• WHAT YOU ARE ASKED TO DO:
Leave out the pictures and repeat exactly the lines from the one containing "ワークを解きながら質問してい" through the final line of the listing below.

• RECORDS FOR THIS EXERCISE:
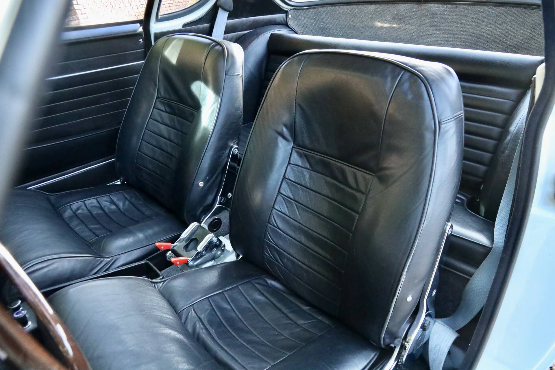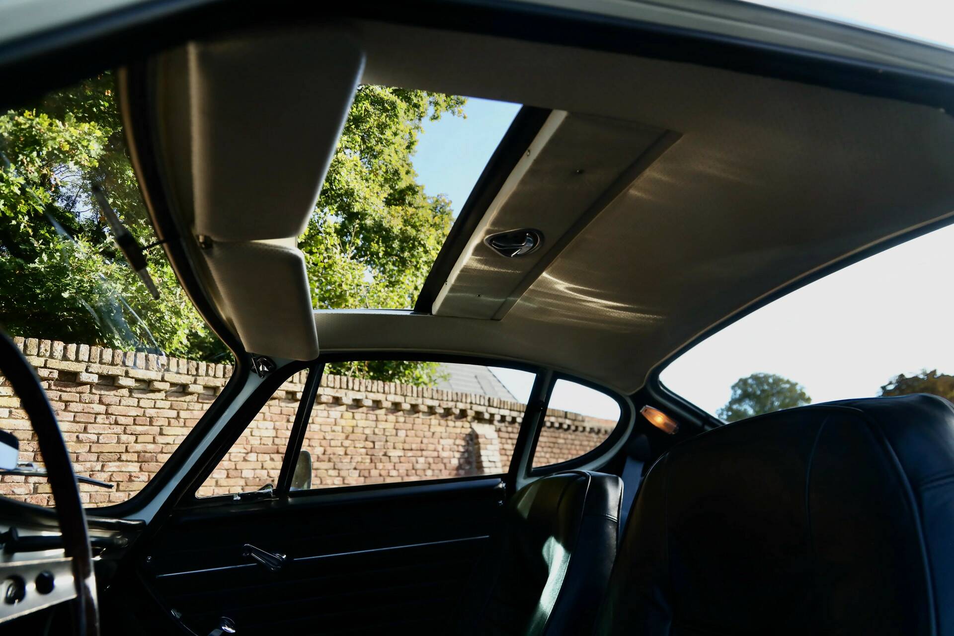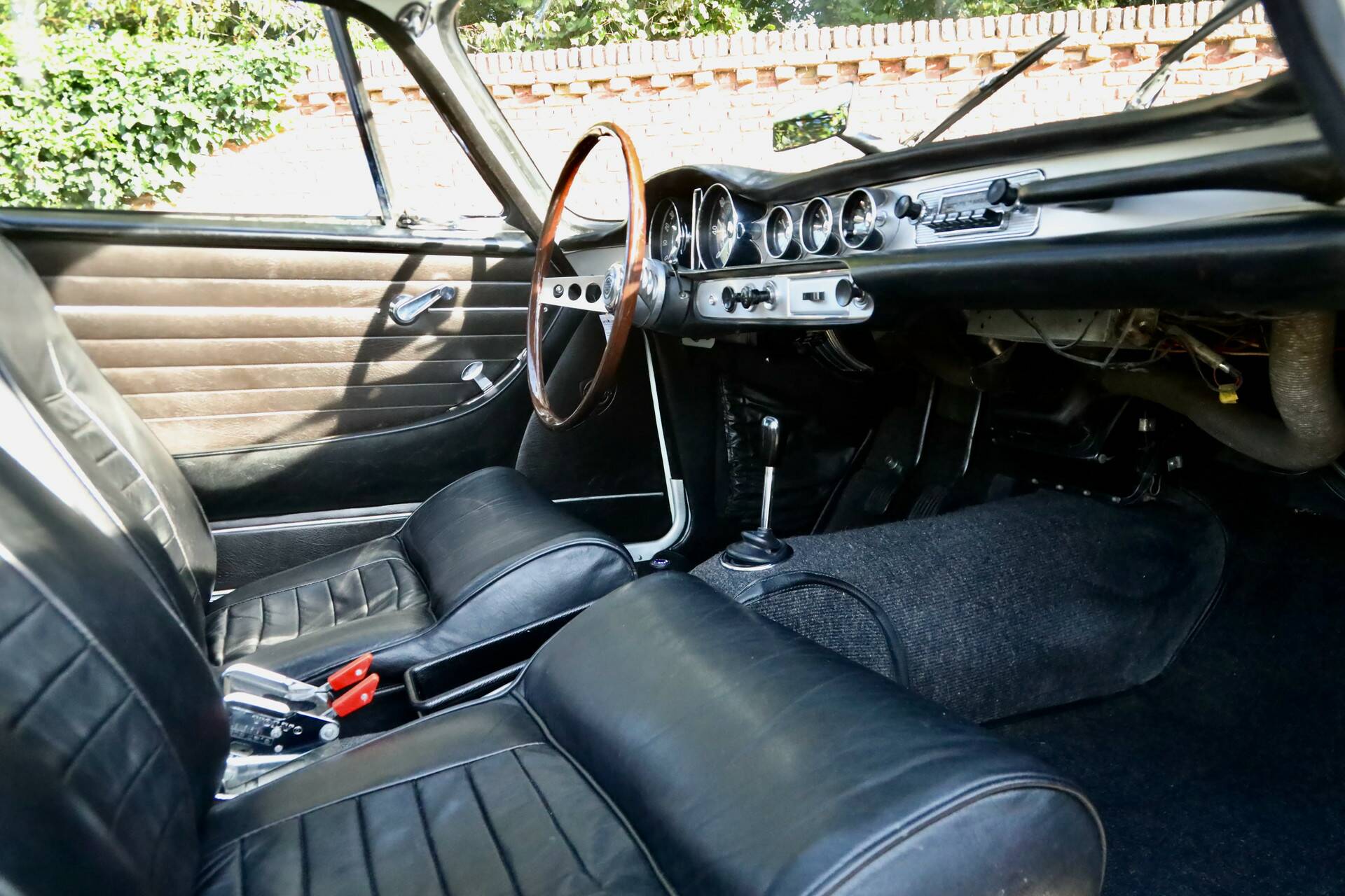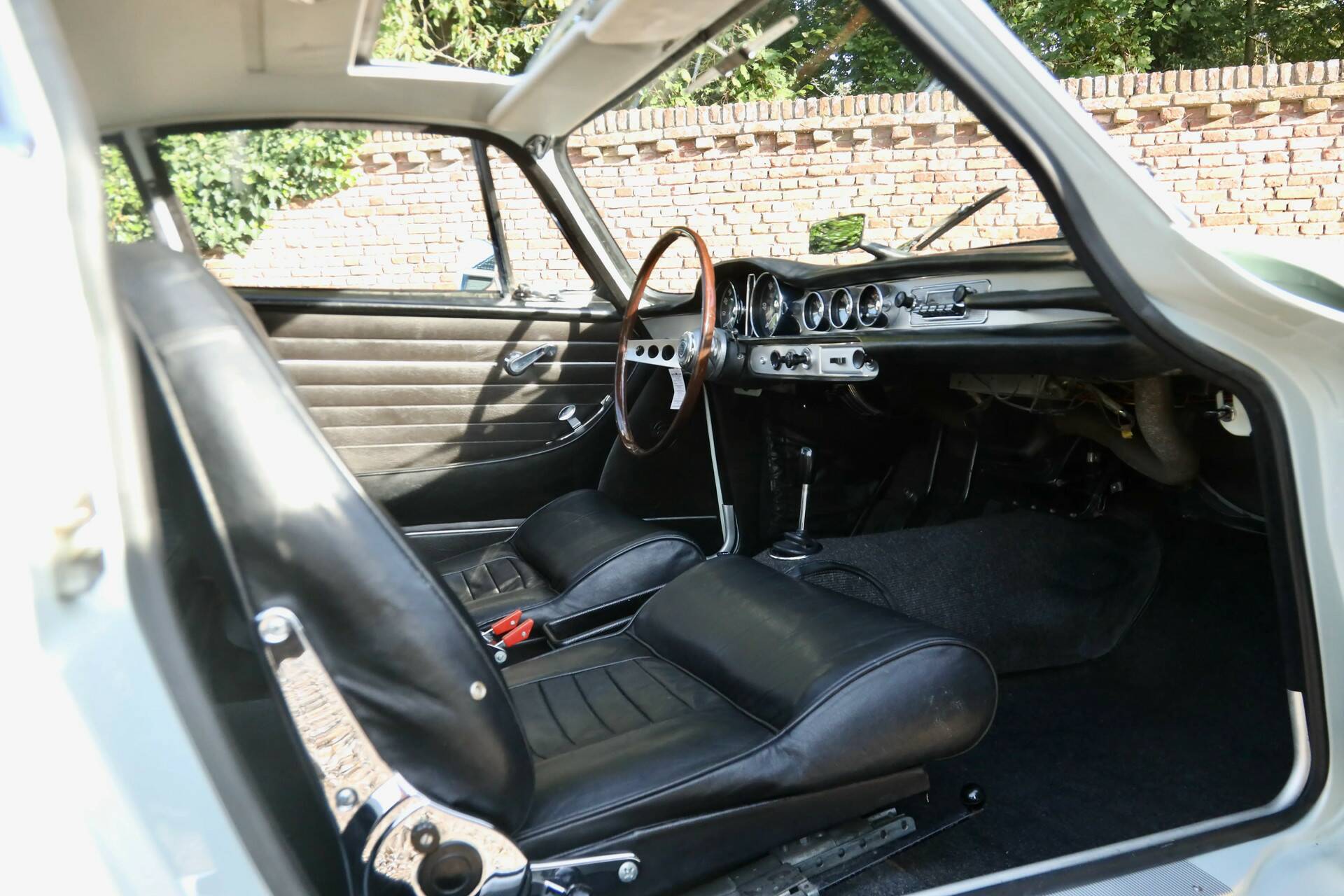 Der Lack, in der korrekten Originalfarbe ausgeführt, befindet sich in hervorragendem Zustand und überzeugt mit tiefem Glanz ohne nennenswerte Makel. Die Chromteile wie die Stoßstangen präsentieren sich wunderschön – glücklicherweise nicht „überrestauriert“, wie es leider häufig vorkommt. Im Interieur begeistern feine Details, elegante Teppiche und straffes Leder. Das Holzlenkrad rundet das Bild stilvoll ab.
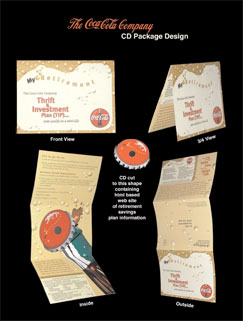 This is an interactive CD Mailer for Coca Cola. The CD is shaped like a bottle cap, which contains The Coca Cola Company's Retirement Brochure in HTML format.
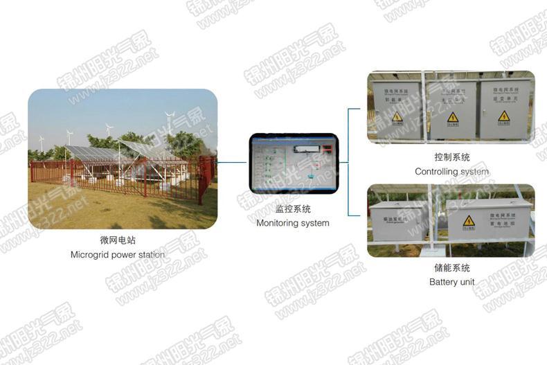 該系統是目前先進的風、光、柴、蓄、電五種電源互補系統,該系統優先使用風力和太陽能發電,當風力和太陽能發電不能滿足用電需求時,由蓄電池供電,當蓄電池不能滿足用電需求時,由柴油發電或者電網供電,可以最大空間發揮太陽能和風能發電的利用效率,適合海島、獨立供電局域電網等建設使用。同樣該系統可以并入國家電網進行發電。
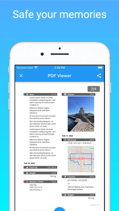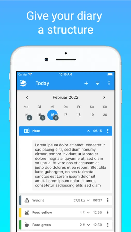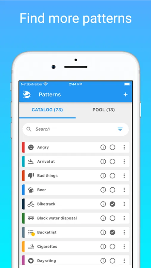 Nuggets offers a big catalog of patterns, which you can directly use OR copy and adjust to your individual needs. Entries base on a pattern, are adjustable, commentable, reportable, exportable and printable. You don’t like Nuggets any more? No problem: You keep your diary as PDF.
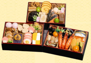 くるみ煮 酢牛蒡 若桃甘露煮 伊達巻 牛肉ごぼう時雨煮 柚子鶏つくね 紅白結び餅 椎茸旨煮 寿高野豆腐 紅鮭白醤油焼 こんにゃく旨煮
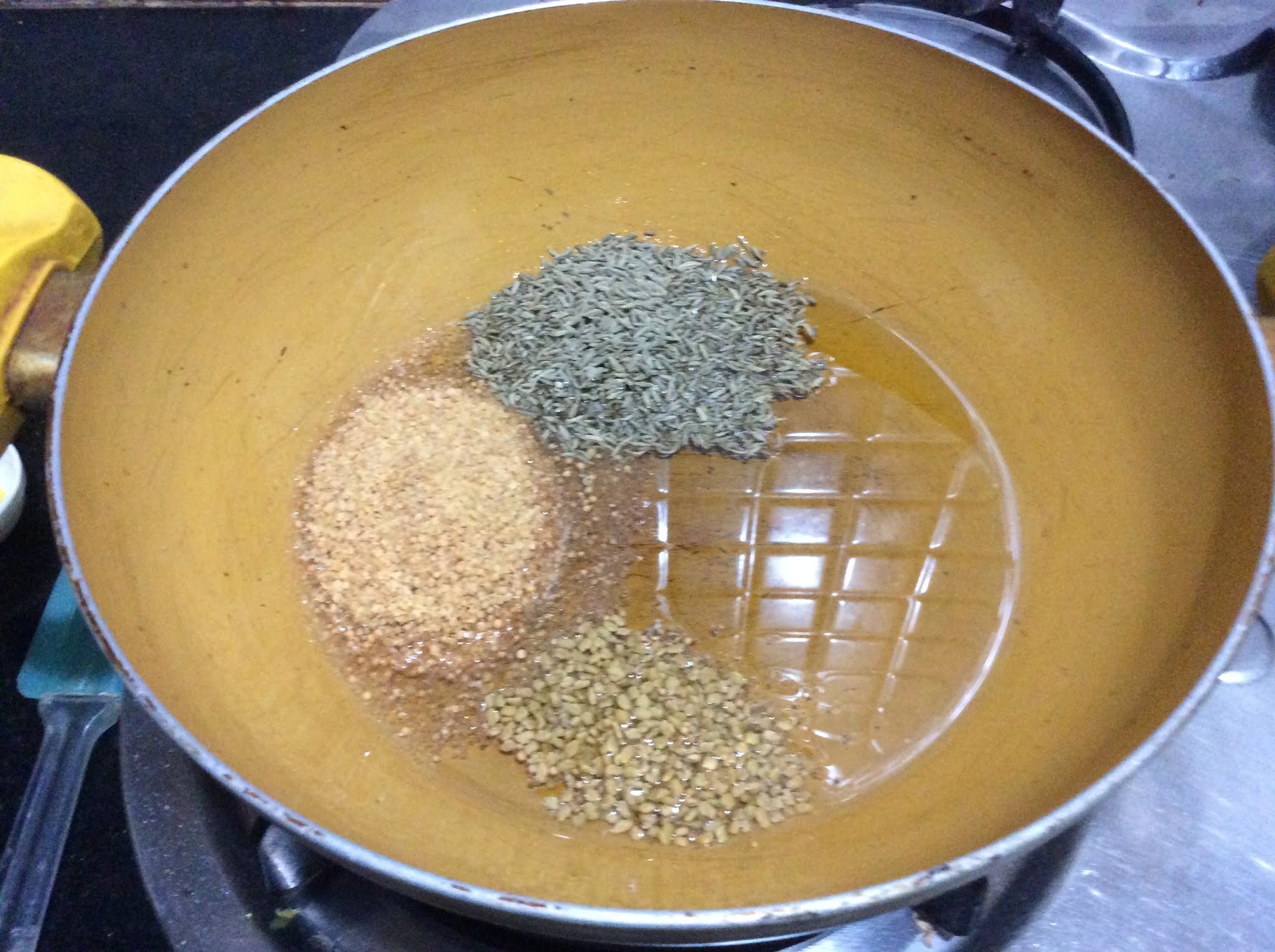 - Now put Fenugreek seeds, Fennel seeds, and Yellow mustard powder.
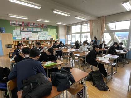 ワークを解きながら質問している生徒もいれば、黙々と学習を進めている生徒もいました。3日間で1番利用者が多く、1番集中していたように思います。有意義な放課後にしてください。
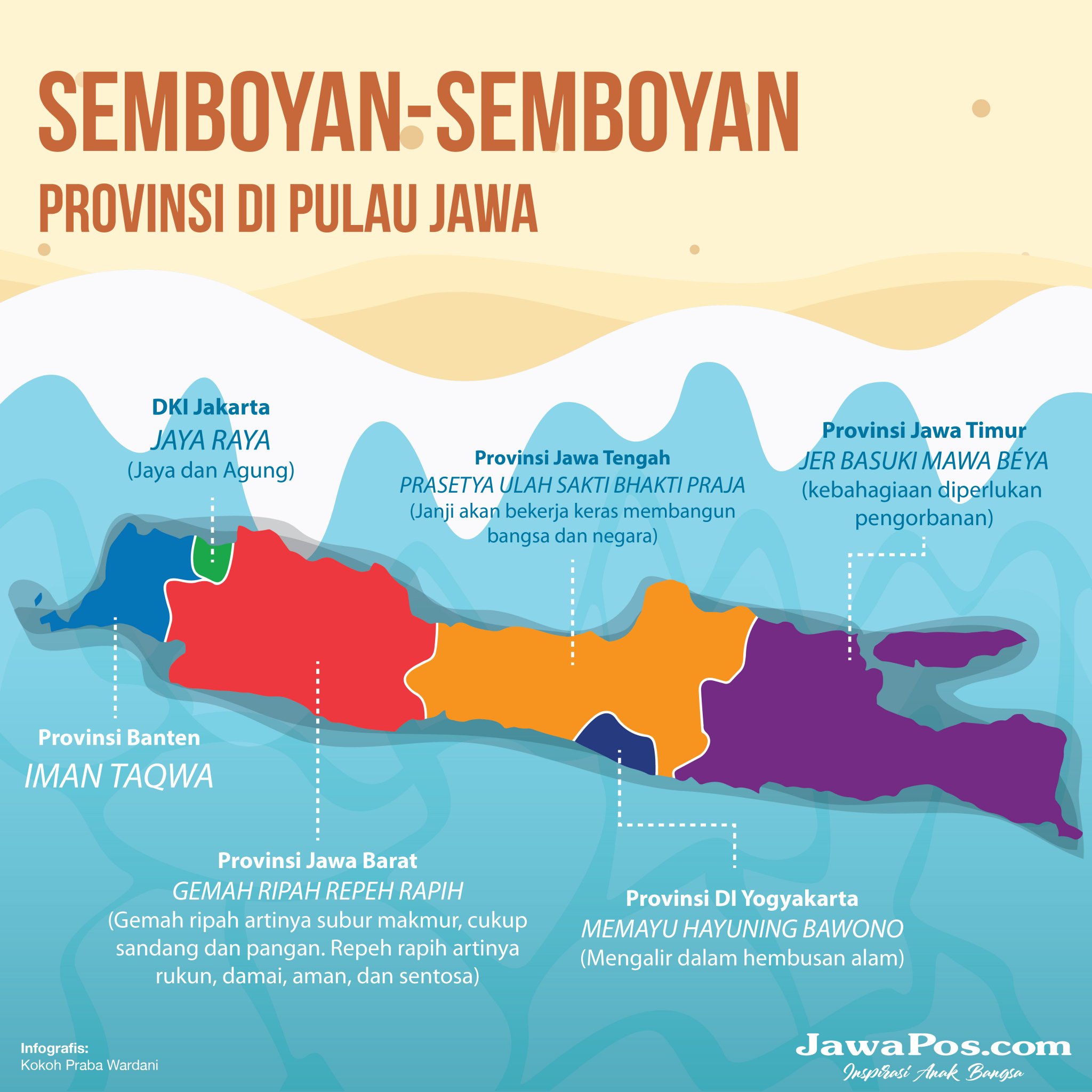 Jawa Pos “Setiap Provinsi di Pulau Jawa memiliki semboyan yang berbeda-beda loh. Semboyan tersebut merupakan identitas sendiri dari sebuah provinsi yang menggambarkan nilai sejarah daerah tersebut. Apa semboyan di kota
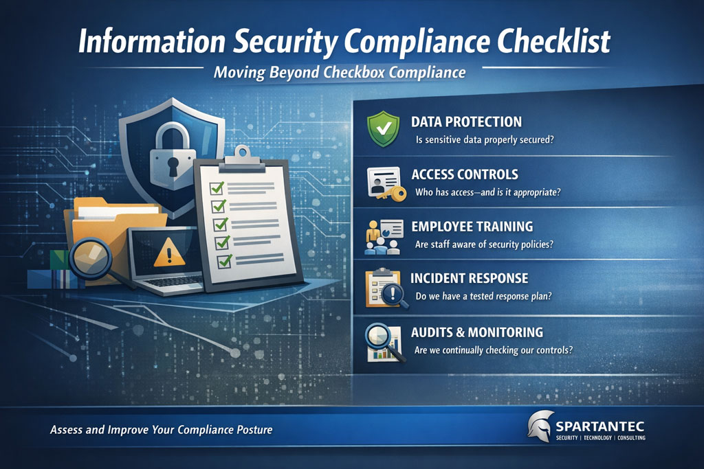 If you’re unsure whether your current compliance efforts reflect your real-world risks, a short conversation can bring clarity. SpartanTec also offers a practical Information Security Compliance Checklist to help organizations identify gaps and prioritize next steps.

• ANSWER BOX:
 ワークを解きながら質問している生徒もいれば、黙々と学習を進めている生徒もいました。3日間で1番利用者が多く、1番集中していたように思います。有意義な放課後にしてください。
 Jawa Pos “Setiap Provinsi di Pulau Jawa memiliki semboyan yang berbeda-beda loh. Semboyan tersebut merupakan identitas sendiri dari sebuah provinsi yang menggambarkan nilai sejarah daerah tersebut. Apa semboyan di kota
 If you’re unsure whether your current compliance efforts reflect your real-world risks, a short conversation can bring clarity. SpartanTec also offers a practical Information Security Compliance Checklist to help organizations identify gaps and prioritize next steps.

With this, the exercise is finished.